Working data
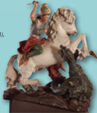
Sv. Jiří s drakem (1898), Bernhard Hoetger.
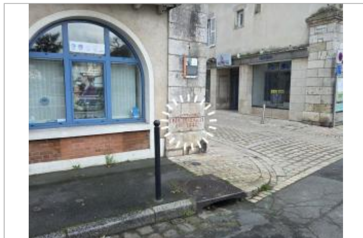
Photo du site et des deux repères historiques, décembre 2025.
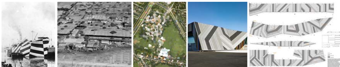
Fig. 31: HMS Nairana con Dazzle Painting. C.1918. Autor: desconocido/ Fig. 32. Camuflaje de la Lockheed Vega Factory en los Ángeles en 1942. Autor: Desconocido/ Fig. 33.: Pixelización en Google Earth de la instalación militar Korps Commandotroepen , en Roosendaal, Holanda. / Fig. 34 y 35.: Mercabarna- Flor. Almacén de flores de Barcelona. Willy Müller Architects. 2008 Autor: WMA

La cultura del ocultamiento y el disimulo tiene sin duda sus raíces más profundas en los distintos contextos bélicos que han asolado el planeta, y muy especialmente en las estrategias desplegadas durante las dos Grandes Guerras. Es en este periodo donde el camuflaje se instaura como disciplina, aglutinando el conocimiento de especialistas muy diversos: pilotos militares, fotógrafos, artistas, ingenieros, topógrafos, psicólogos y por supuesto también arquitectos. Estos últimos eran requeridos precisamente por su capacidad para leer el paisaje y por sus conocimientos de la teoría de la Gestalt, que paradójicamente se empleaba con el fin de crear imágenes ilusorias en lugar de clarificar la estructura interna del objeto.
...
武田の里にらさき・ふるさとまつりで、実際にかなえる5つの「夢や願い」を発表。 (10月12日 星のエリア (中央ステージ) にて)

Instructions to follow
Go to the line above that has "Photo du site" and copy exactly from there down to the line that has "Fig. 31: HMS", both included. Leave the pictures out.

Exercise solution
Photo du site et des deux repères historiques, décembre 2025.
Fig. 31: HMS Nairana con Dazzle Painting. C.1918. Autor: desconocido/ Fig. 32. Camuflaje de la Lockheed Vega Factory en los Ángeles en 1942. Autor: Desconocido/ Fig. 33.: Pixelización en Google Earth de la instalación militar Korps Commandotroepen , en Roosendaal, Holanda. / Fig. 34 y 35.: Mercabarna- Flor. Almacén de flores de Barcelona. Willy Müller Architects. 2008 Autor: WMA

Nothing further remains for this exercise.